Prima tersenyum lebar. Maxi benar. Tapi bukan karena ia tak suka tumis sawi seperti Maxi, melainkan karena masakan Arlena memang tak pernah seenak masakan Muntik ataupun Olivia.
“Ya, sudah, pesan dua,” putus Prima.
Mereka kemudian duduk berhadapan di depan sebuah meja di bawah rerimbunan pohon. Ada berbagai macam gerobak makanan berderet rapi di tepi jalan itu. Lengkap, tinggal sebut. Soto ayam, soto mi, nasi uduk, nasi pecel, lontong sayur, bubur ayam, ketoprak, gorengan, dan masih banyak lagi lainnya. Dan kali ini Maxi memesan dua porsi lengkap bubur ayam ala Bangka.

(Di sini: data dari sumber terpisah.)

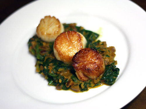 Turn off the heat for the spinach, and stir in the remaining teaspoon of garam masala and then heavy cream. Divide spinach mixture between four plates. Top each with 3 scallops. Serve immediately.
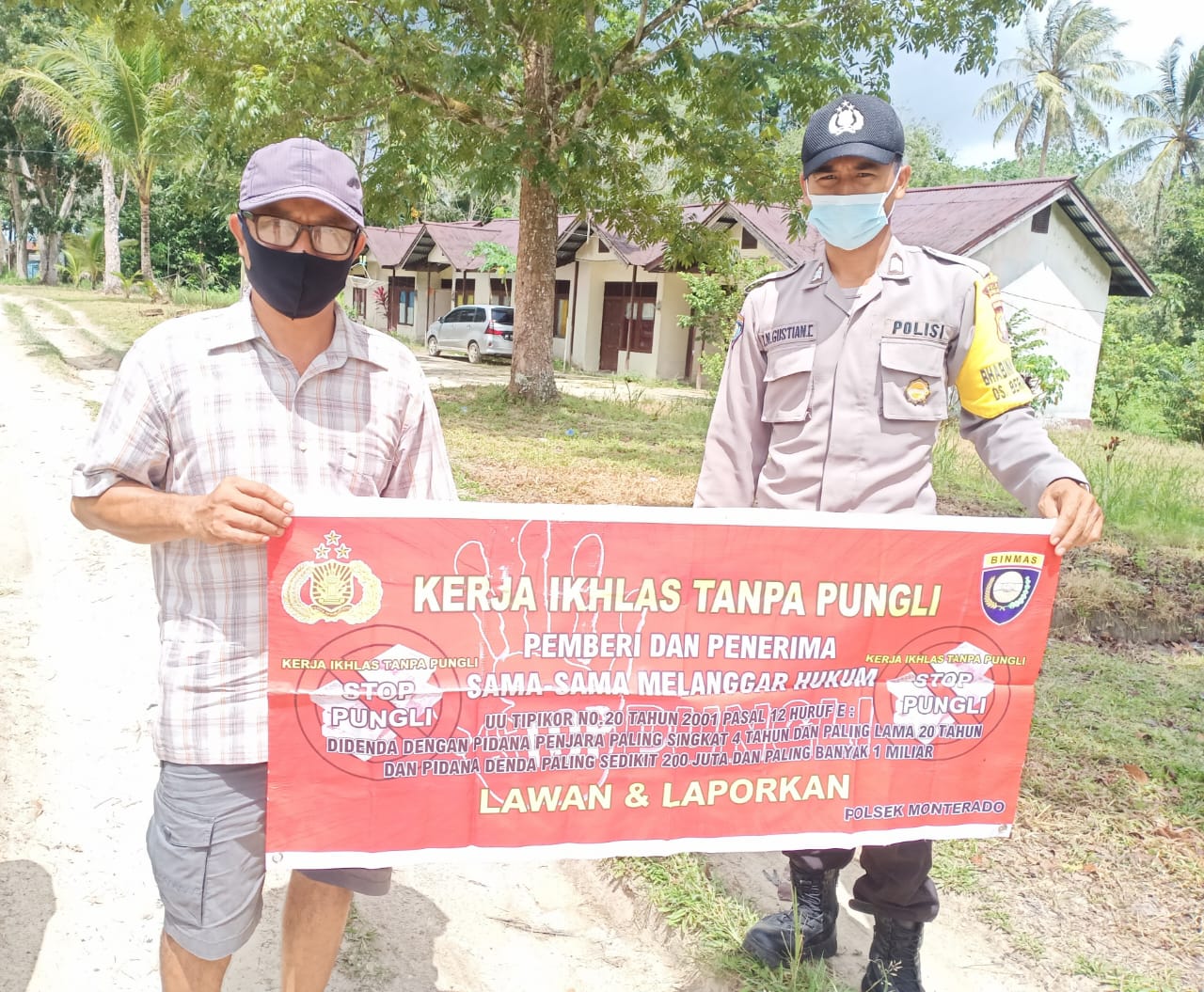 Dengan menggunakan banner kecil Brigadir Gustian menyampaikan himbauan Cegah Pungli agar mudah dipahami dan di sampaikan ke warga yang lainnya khususnya di Kecamatan Monterado.
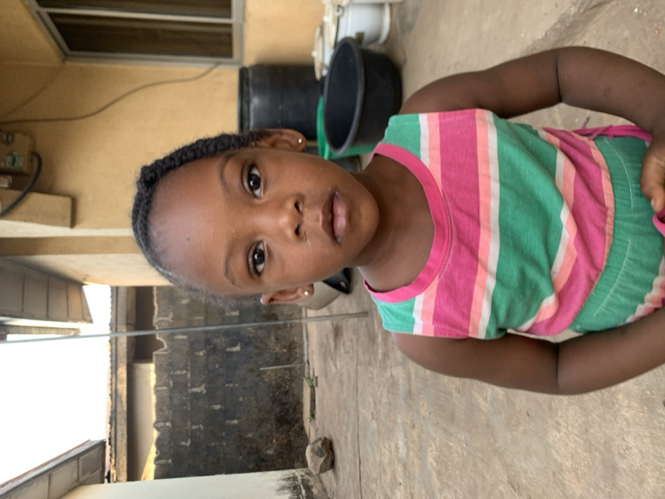 A young Black girl with braided hair is depicted from the waist up, angled to the right. She wears a striped pink, white, and green shirt. The background features a mix of indoor and outdoor elements. There's a section of wall with a window, various containers, and a glimpse of another building. The foreground is dominated by a concrete surface.
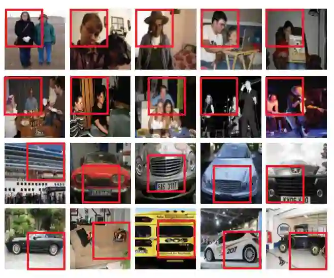 每行列出从VOC数据集激活特定单元的前5个。 虽然我们在UCF-101数据集上训练网络时未使用任何手动注释,但pool5特性激活对应于人头(第1行和第2行)和对象部分(第3行和第4行)。
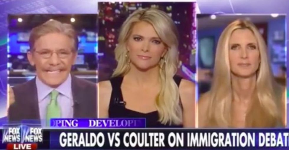 Ann Coulter and Geraldo Rivera clashed on Tuesday night over illegal immigration and Republican presidential candidate Donald Trump's controversial claim that Mexico is "sending people that have lots of problems" to America.
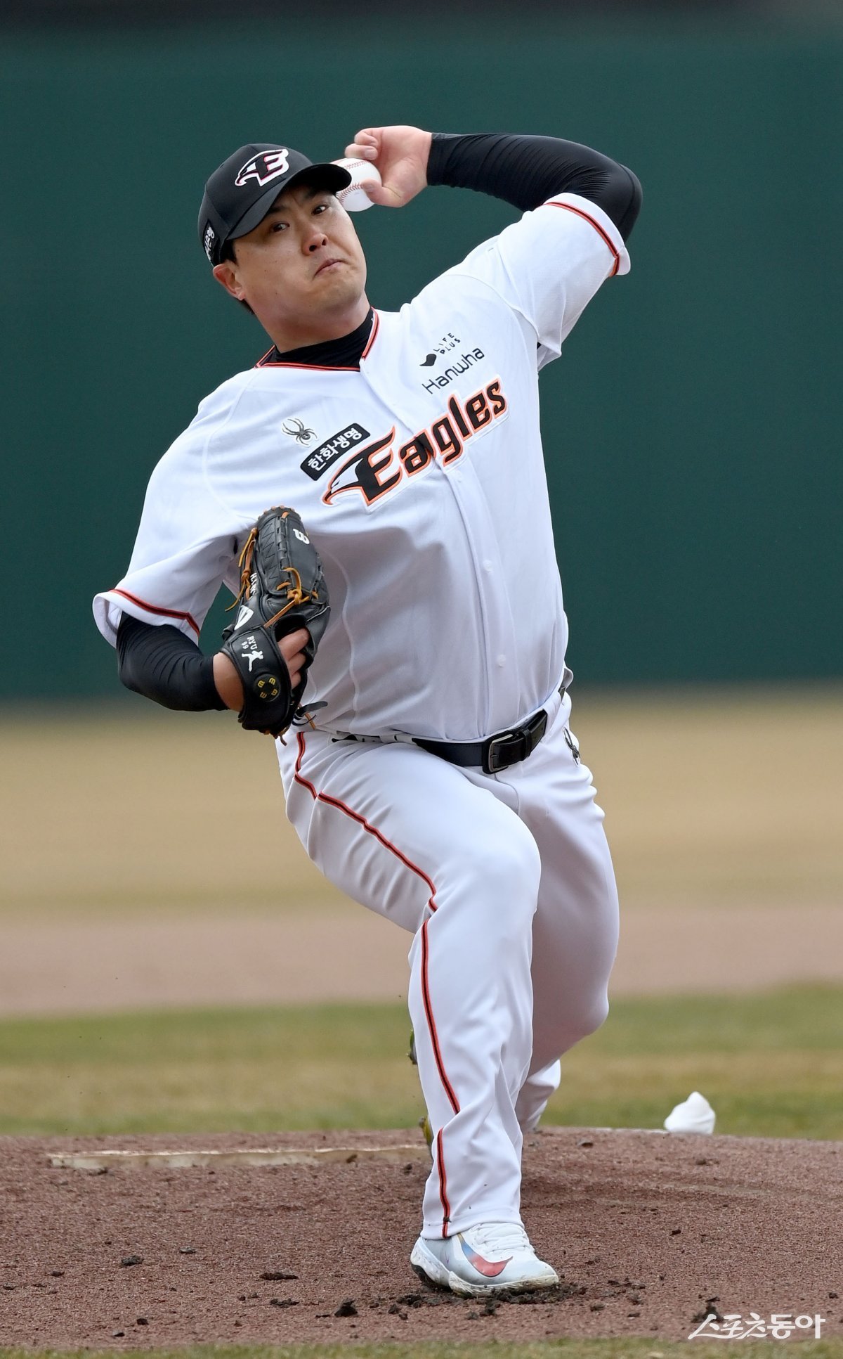 12일 대전 한화생명이글스파크에서 ‘2024 신한은행 SOL Bank KBO리그’ 시범경기 KIA 타이거즈와 한화 이글스 열렸다. 선발 투수로 등판한 한화 류현진이 역투하고 있다.
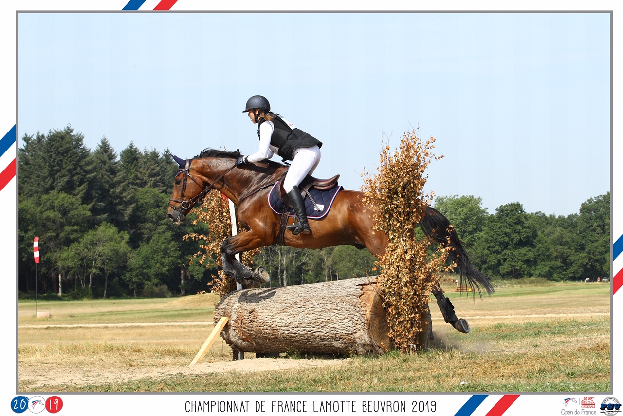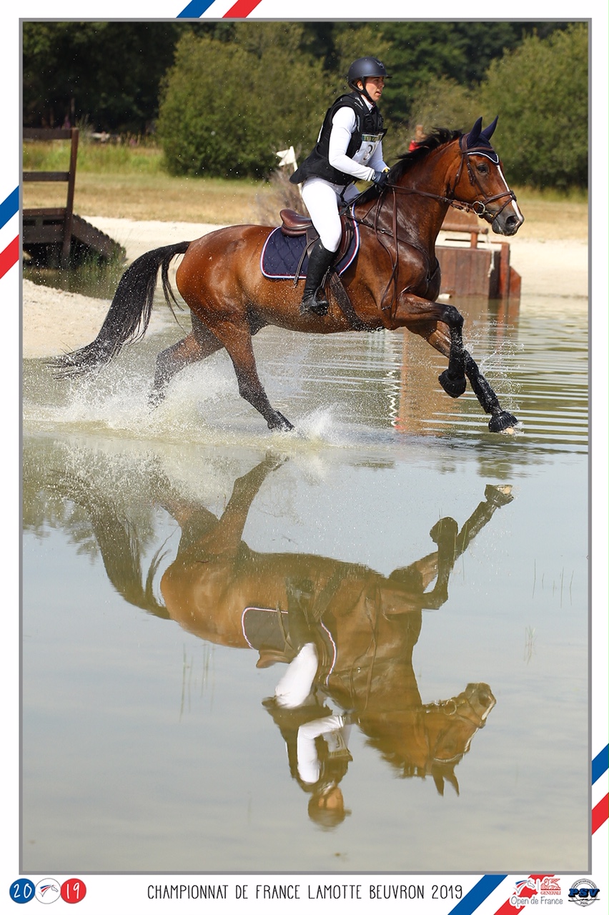 Mercredi, place au cross, l’épreuve la plus spectaculaire ! Le parcours proposé est bien plus technique que durant la saison, mais j’ai confiance en mon cheval, il a beaucoup plus d’expérience que moi. Le parcours, composé de 12 obstacles (dont deux triples), propose 3 vraies difficultés. L’enchainement des obstacles 4 et 5 en courbe de 3 foulée se passe très bien pour nous, super, une caresse et ça repart ! Se présente bientôt la combinaison de l’obstacle 7 (A, B C, chacun séparé par deux foulées). Un bon virage pour axer mon cheval nous permet de passer cette étape clé du parcours sans difficulté. Nous montons et redescendons de la bute sans encombre. C’est ensuite au tour du gué de nous barrer la route, mais l’eau ne nous fait pas peur ! Mon cheval trébuche sur l’obstacle numéro 9 à la sortie de l’eau, mais se reprend. Je sens que je perds le lien qui nous connecte, il se met à tirer, mais je tiens bon, il ne faut pas négliger l’obstacle 10, dernier avant la combinaison la plus technique du parcours. Nous repassons par le gué et nous y voila, le juge de paix de cette compétition. 11A, c’est bon, je coupe un peu mon virage mais je passe le 11B. Tout s’enchaine vite, trop vite, je m’applique du mieux que je peux, je monte mon 11C même s’il ne vient pas aussi bien que prévu. Des pointes, on en a sauté en long en large et en travers, allez, je serre mes jambes j’y crois, on y va ! J’ai juste commis une erreur. A trop vouloir conduire et passer de l’autre côté, je n’ai pas posé ma main, je l’empêche de sauter. Je viens de commettre l’erreur qui me coûte mes chances de podium. Je suis pénalisée de 20 points, bien trop pour pouvoir revenir… Je termine tout de même mon parcours et félicite mon compagnon qui a été super sur ce cross. Quelle rage, je suis trop tendue pendant 1/4 de seconde et mes rêves de victoire s’effondrent, je retombe à la 19° place… Je fais et refais le film dans ma tête, je m’en veux. Mais le sport est ce qu’il est, et il exige la perfection. Après une saison parfaite, je suis tombée dans le piège des chefs de piste. Le concours n’est pas terminé, il ne faut rien lâcher.
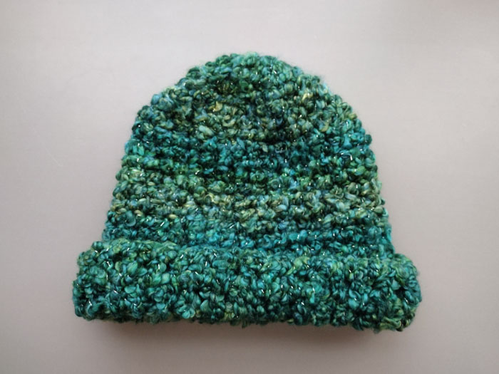 After a few starts with the top, I finished the hat in 3 hours the first time. Not bad for a first hat. This first hat is for my mother. I quickly whipped up a second hat for my mother-in-law and one for me as well! I spent two hours for each hat.

Sambil menunggu pesanan diracik, Maxi memberanikan diri menanyakan hal yang selama beberapa hari ini masih terasa cukup mengganggunya. Ditatapnya Prima.
“Pa, boleh aku tanya?” suara Maxi terdengar rendah dan mengambang.
“Ya?” Prima balik menatap Maxi.
“Mm... Navita itu siapa?”
Prima tertegun sejenak. Tapi tatapan Maxi yang jatuh tepat di manik mata membuatnya tersadar. Ia mengerjapkan mata.
“Salah satu staf Papa di kantor.”
“Papa ada hubungan apa sama dia?”
“Nggak ada, Max,” Prima mengerutkan keningnya. “Hubungan kerja biasa.”
Ada sorot tak percaya berlompatan keluar dari mata Maxi. Dengan jelas Prima bisa menangkap arti tatapan Maxi.
“Sebenarnya ada apa, sampai kamu bertanya dengan nada kayak gini?”
“Beberapa malam lalu...,” Maxi menghentikan ucapannya sejenak ketika pesanan bubur ayam mereka terhidang. “Terima kasih,” gumamnya. Ia kemudian kembali menatap Prima. “Beberapa malam lalu, Papa mengigau. Waktu Papa tidur di kamarku. Dan... Papa menyebutkan nama itu. Navita.”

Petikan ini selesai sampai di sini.